I’ve been trying different podcatchers in Linux, and have been generally unhappy. ipodder looked nice at first, but turned out to be horribly buggy.

bashpodder/podracer looked like a nice idea. However, it didn’t have enough flexibility for me, its XML parser has some well-known failures (it’s not a real XML parser, after all), etc.

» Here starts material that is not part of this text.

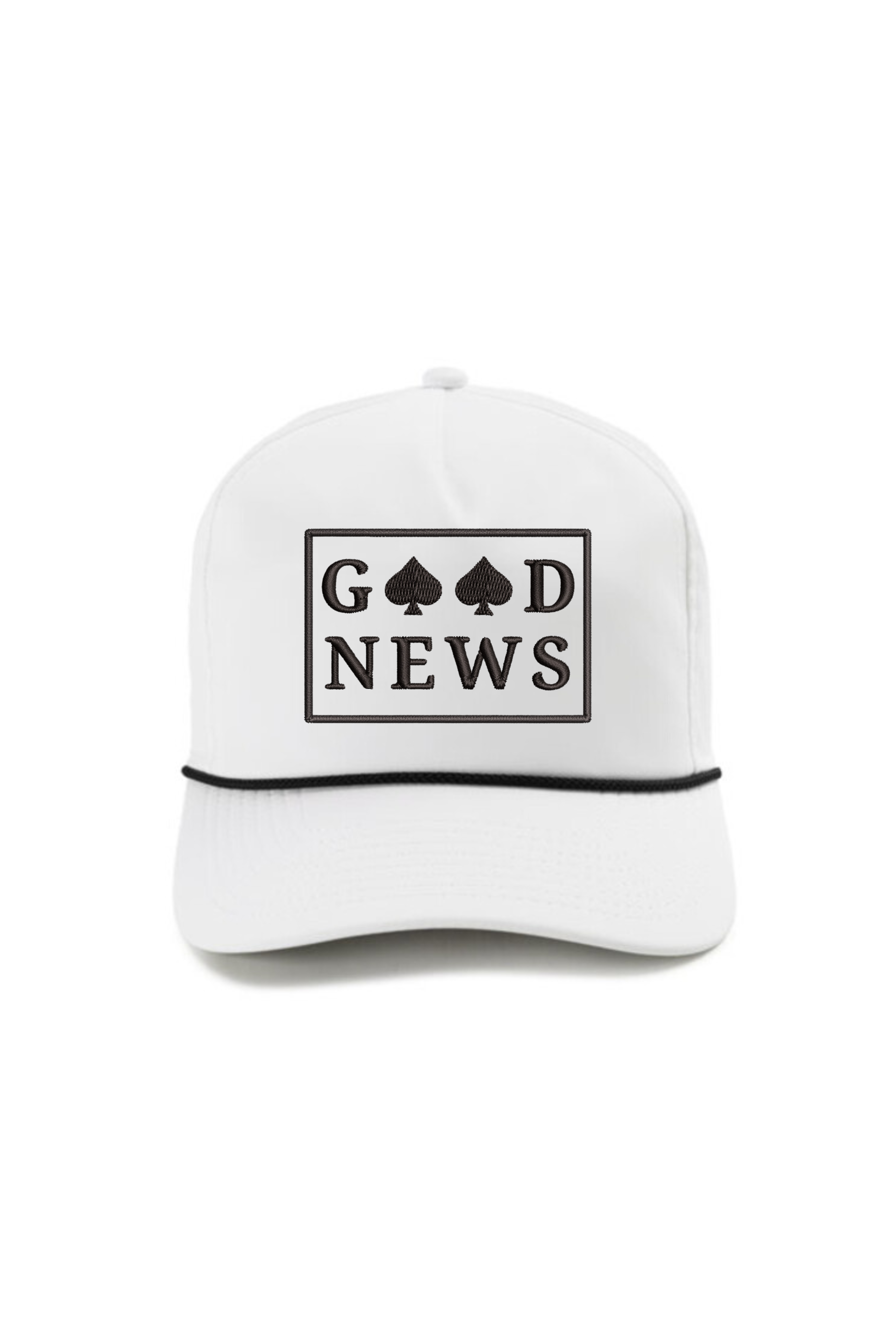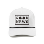 Stay stylish on and off the course with our Good News Hat. Designed for comfort and performance, this hat features a breathable, lightweight fit with an adjustable closure for the perfect feel. Whether you're teeing off or keeping it casual, this hat is the perfect way to rep your game in style.
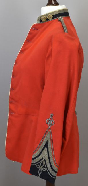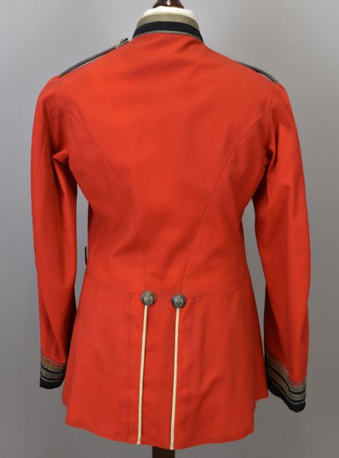 British Army officer's Royal South Gloucestershire Militia scarlet tunic with Lieutenant Colonel rank insignia to collar, black facings and silver lace, the buttons depicting a strung bugle under crown, c1880Consigned by the Soldiers of Gloucestershire Museum Trust

So I wrote hpodder. hpodder is a command-line podcast downloader for Linux. It features:

  • Extensive manual (installed as manpage, or you can view the PDF versoin). Documents all command-line options, the config file, a quick start, plus some basic information about the internal database
  • Database of seen URLs (in Sqlite3) — for use both for downloads and when processing feeds
  • Graceful handling of Ctrl-C, shutdowns, network troubles, etc — including ability to resume downloads later, plus the ability to detect servers that don’t handle download resuming properly (libsyn)
  • Automatic setting of ID3 tags based on the episode title and podcast title from the podcast’s feed (as iTunes does) — dramatically helps with viewing of all sorts of podcasts on the iPod and your PC
  • Support for download rate limits, progress bars, etc. via Curl
  • Seems to be stable for me
  • Command-line tools to: add new podcasts, remove podcasts, update podcast feed URLs, scan podcast feeds, list known podcasts & status, list known episodes & status, alter episode status (mark for downloading or not), “catch up” podcasts, etc.
  • Automatic retry of downloads that failed due to transient errors

You can download a source tarball, or apt-get install hpodder if you run Debian sid.

hpodder is written in Haskell, and calls the curl and id3v2 binaries. It uses the Sqlite3 library and my HDBC database interface for Haskell.

But you’d never need to know or care about that unless you’re a programmer.

In future hpodder versions, I intend to improve the download status display, add last-seen date tracking, and add multithreaded downloading.